I feel like I now realise truly how ugly I am. I genuinely believe no one thinks I'm beautiful not even remotely attractive. The worst thing is I don't know why. Maybe I'm too fat. Maybe my face is too wonky. Maybe I have to many spots of which I try so hard to get rid of but they won't go away. Maybe my very very long hair isn't conventional enough to be pretty. Maybe my eyebrows are too far apart and bushy. Perhaps its because I'm half cast. Indian and English. I don't really belong anywhere.

When a random guy on snapchat says 'wyll' and I present the most unrealistic version of my self, they still say ew. Or unadd me. Or block me. Even a posed picture of me cannot be admired, so in real life its definatey worse.

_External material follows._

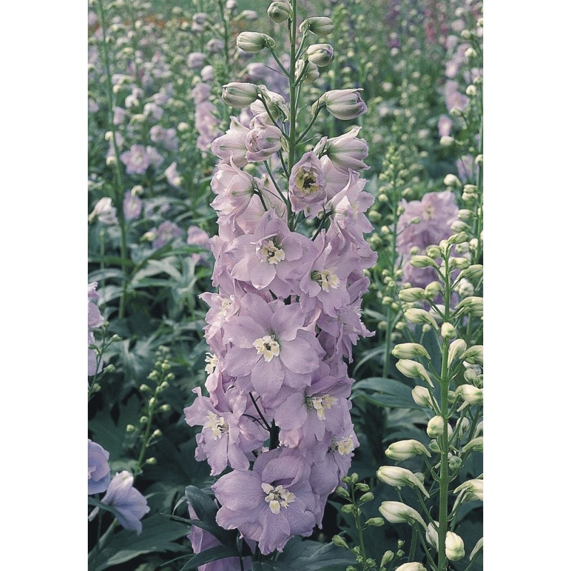Рассада дельфиниума Камеллиард (Pacific Giant Camelliard) имеет темно-зеленую листву и вырастает в высоту до 150 см. Период цветение попадает на июнь-июль. Соцветие высокое, плотно укрытое крупными цветами светло-сиреневого цвета. Удачно смотрится на любом садовом участке. Достоинства Камеллиард: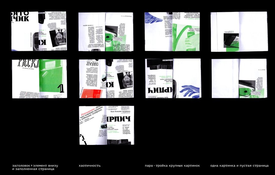 Плакаты сложились в случайную тетрадь. Анализ композиций получившихся страниц помог выявить ряд приемов, которые стали использоваться в зине для конкретных типов разворотов.

I feel like no one would reply to this or care, because why would you..

I don't even know what to do, I feel so helpless. I cannot change the things I'm born with. From my small double chin when I talk and chew to my stupid small height.

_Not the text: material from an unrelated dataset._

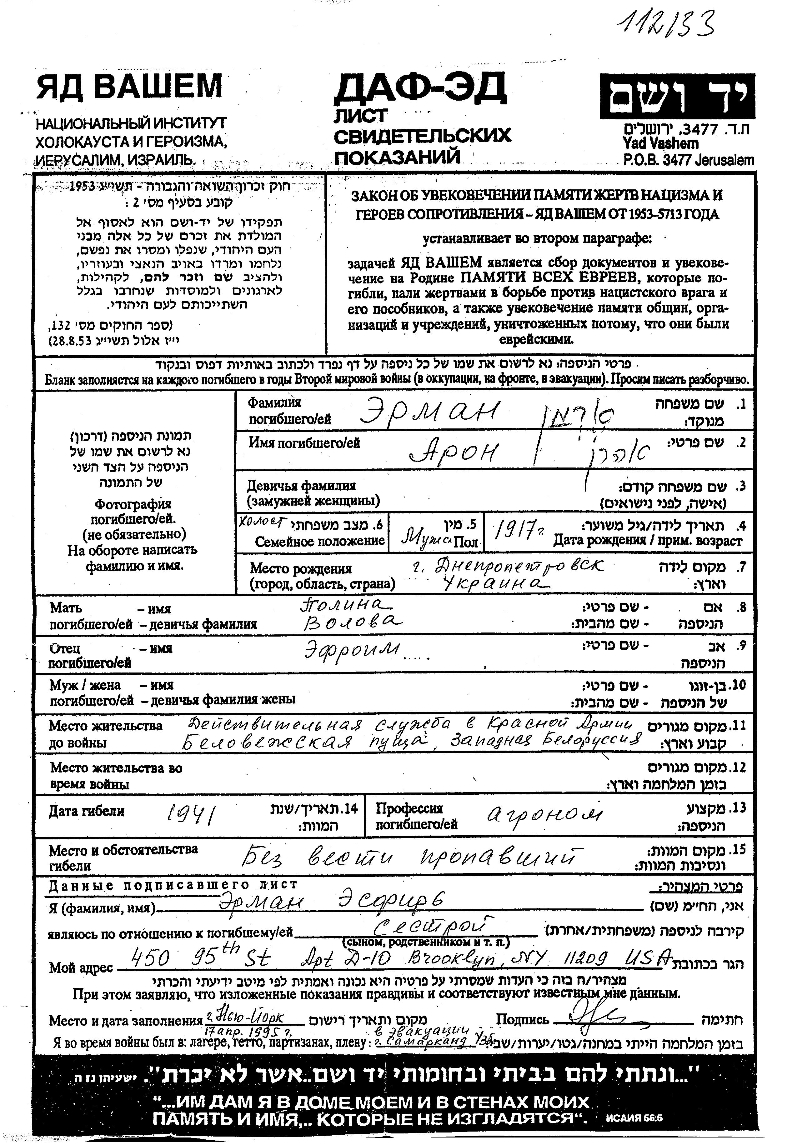 Aron Arman Erman wurde im Jahr 1917 in Dnepropetrovsk, Ukraine (UdSSR) geboren. Er war der Sohn von Efroim und Polina, geb. Volov. Er war Studierter landwirt und Ledig. Während des Krieges war er in die Sowjetischen Streitkräfte.

Maybe exercise more.. I don't know, I feel so grateful for my life and existence so it feels selfish of me to complain. But I really do hate my stupid face and my ugly body.
Reply 1
Don't define your self worth by other people.

People who say things like that guy are more often projecting their own insecurities onto you. No one should say "ew" at you.

It's normal to feel insecure in this day and age of social media (ngl a lot of stuff is faked through editing or tricks with camera angles, don't take it all at face value) so I understand because I don't feel good about myself either sometimes.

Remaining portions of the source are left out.